General information
- Type: Powered parachute
- National origin: United States
- Manufacturer: New Kolb Aircraft
- Status: Production completed
- Number built: at least one

History
- Introduction date: circa 2001

= Kolb Flyer Powered Parachute =

American powered parachute

The Kolb Flyer Powered Parachute is an American powered parachute that was designed and produced by New Kolb Aircraft of London, Kentucky. Now out of production, when it was available the aircraft was supplied as a complete ready-to-fly-aircraft.
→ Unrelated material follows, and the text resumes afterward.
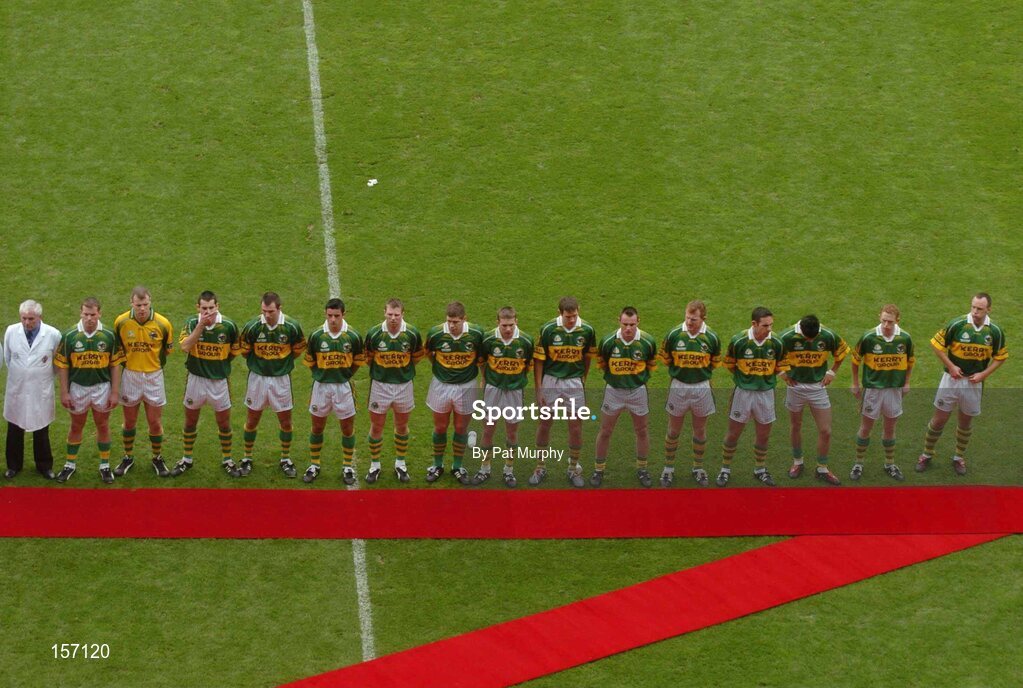 26 September 2004; The Kerry team before the game. Bank of Ireland All-Ireland Senior Football Championship Final, Kerry v Mayo, Croke Park, Dublin. Picture credit; Pat Murphy / SPORTSFILE *** Local Caption *** Any photograph taken by SPORTSFILE during, or in connection with, the 2004 Bank of Ireland All-Ireland Senior Football Final which displays GAA logos or contains an image or part of an image of any GAA intellectual property, or, which contains images of a GAA player/players in their playing uniforms, may only be used for editorial and non-advertising purposes. Use of photographs for advertising, as posters or for purchase separately is strictly prohibited unless prior written approval has been obtained from the Gaelic Athletic Association.

The Flyer was the second of three company aircraft to bear the same name, after the 1970 Kolb Flyer and followed by the 2008 production Kolb Flyer Super Sport, a version of the Canadian Ultravia Pelican. Introduced about 2001, The powered parachute was a break from previous Kolb designs, which were otherwise all fixed wing aircraft and was embarked upon to give the company a foothold in the then-expanding North American powered parachute market.

==Design and development==
The Flyer complies with the Fédération Aéronautique Internationale microlight category, including the category's maximum gross weight of 450 kg. The aircraft has a maximum gross weight of 423 kg. It could also qualify as a US FAR 103 Ultralight Vehicles rules two-seat trainer. It features a 540 sqft parachute-style wing, two-seats-in-tandem accommodation, tricycle landing gear and a single 64 hp Rotax 582 liquid-cooled engine in pusher configuration.

The aircraft carriage is built from bolted metal tubing. In-flight steering is accomplished via foot pedals that actuate the canopy brakes, creating roll and yaw. On the ground the aircraft has lever-controlled nosewheel steering. The main landing gear incorporates spring rod suspension.

The aircraft has an empty weight of 287 lb and a gross weight of 933 lb, giving a useful load of 646 lb. With full fuel of 10 u.s.gal the payload for crew and baggage is 586 lb.

==Operational history==
In July 2015 one example was registered in the United States with the Federal Aviation Administration as an experimental aircraft.